Signed-off-by: Kashyap Desai <kashyap.desai@broadcom.com>
Signed-off-by: Selvin Xavier <selvin.xavier@broadcom.com>
---
drivers/infiniband/hw/bnxt_re/main.c | 8 +++++
drivers/infiniband/hw/bnxt_re/qplib_rcfw.c | 57 ++++++++++++++++++++++++------
drivers/infiniband/hw/bnxt_re/qplib_rcfw.h | 4 ++-
drivers/infiniband/hw/bnxt_re/qplib_res.h | 1 +
4 files changed, 58 insertions(+), 12 deletions(-)
diff --git a/drivers/infiniband/hw/bnxt_re/main.c b/drivers/infiniband/hw/bnxt_re/main.c
index 8241154..a2c7d3f 100644
--- a/drivers/infiniband/hw/bnxt_re/main.c
+++ b/drivers/infiniband/hw/bnxt_re/main.c
@@ -1041,6 +1041,7 @@ static void bnxt_re_query_hwrm_intf_version(struct bnxt_re_dev *rdev)

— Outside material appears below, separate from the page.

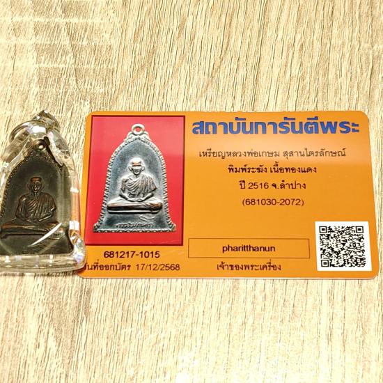 เหรียญระฆัง หลวงพ่อเกษม เขมโก สุสานไตรลักษณ์ปี 2516 พร้อมบัตรรับรอง เลื่อมเลนส์เหลี่ยมเพชร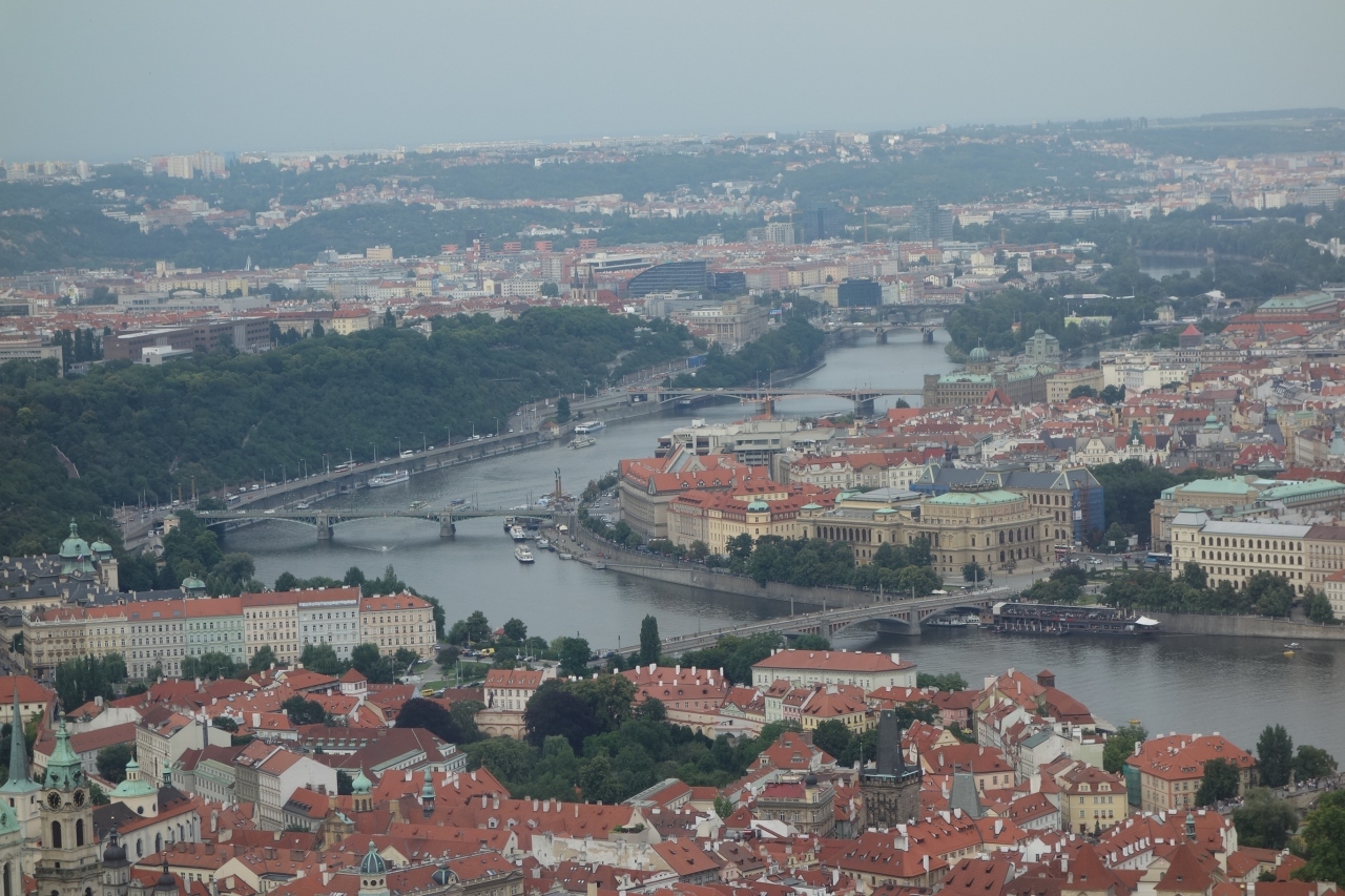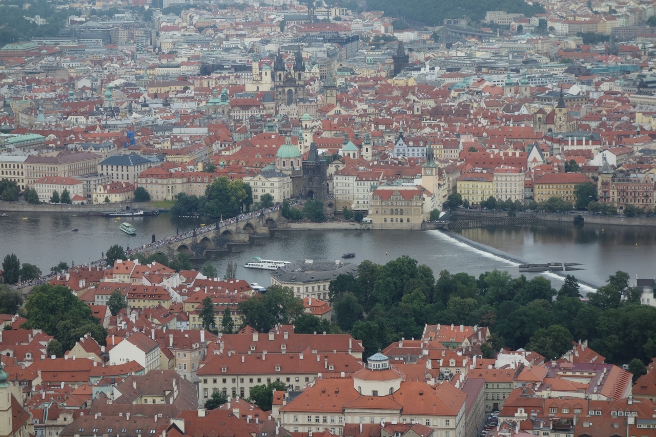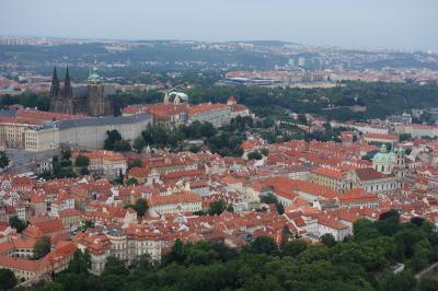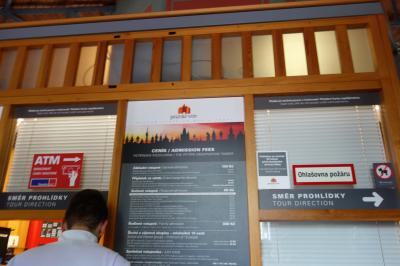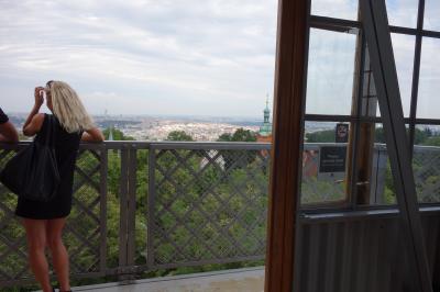プラハカードという、プラハ公共交通機関乗り放題+いろんな観光名所入場無料/割引になる観光客用カードを利用しました。120コルナの入場料が無料になりました。エレベーターは別料金ということで階段で登りました。上りと下りの階段は別です。第一、第二展望台があって、思い出に残るような景色が楽しめます。頑張って階段上ってよかったです。夏はかなり遅い時間まで営業しているようです。

struct bnxt_en_dev *en_dev = rdev->en_dev;
struct hwrm_ver_get_output resp = {0};
struct hwrm_ver_get_input req = {0};
+ struct bnxt_qplib_chip_ctx *cctx;
struct bnxt_fw_msg fw_msg;
int rc = 0;
@@ -1058,11 +1059,18 @@ static void bnxt_re_query_hwrm_intf_version(struct bnxt_re_dev *rdev)
rc);
return;
}
+
+ cctx = rdev->chip_ctx;
rdev->qplib_ctx.hwrm_intf_ver =
(u64)le16_to_cpu(resp.hwrm_intf_major) << 48 |
(u64)le16_to_cpu(resp.hwrm_intf_minor) << 32 |
(u64)le16_to_cpu(resp.hwrm_intf_build) << 16 |
le16_to_cpu(resp.hwrm_intf_patch);
+
+ cctx->hwrm_cmd_max_timeout = le16_to_cpu(resp.max_req_timeout);
+
+ if (!cctx->hwrm_cmd_max_timeout)
+ cctx->hwrm_cmd_max_timeout = RCFW_FW_STALL_MAX_TIMEOUT;
}
static int bnxt_re_ib_init(struct bnxt_re_dev *rdev)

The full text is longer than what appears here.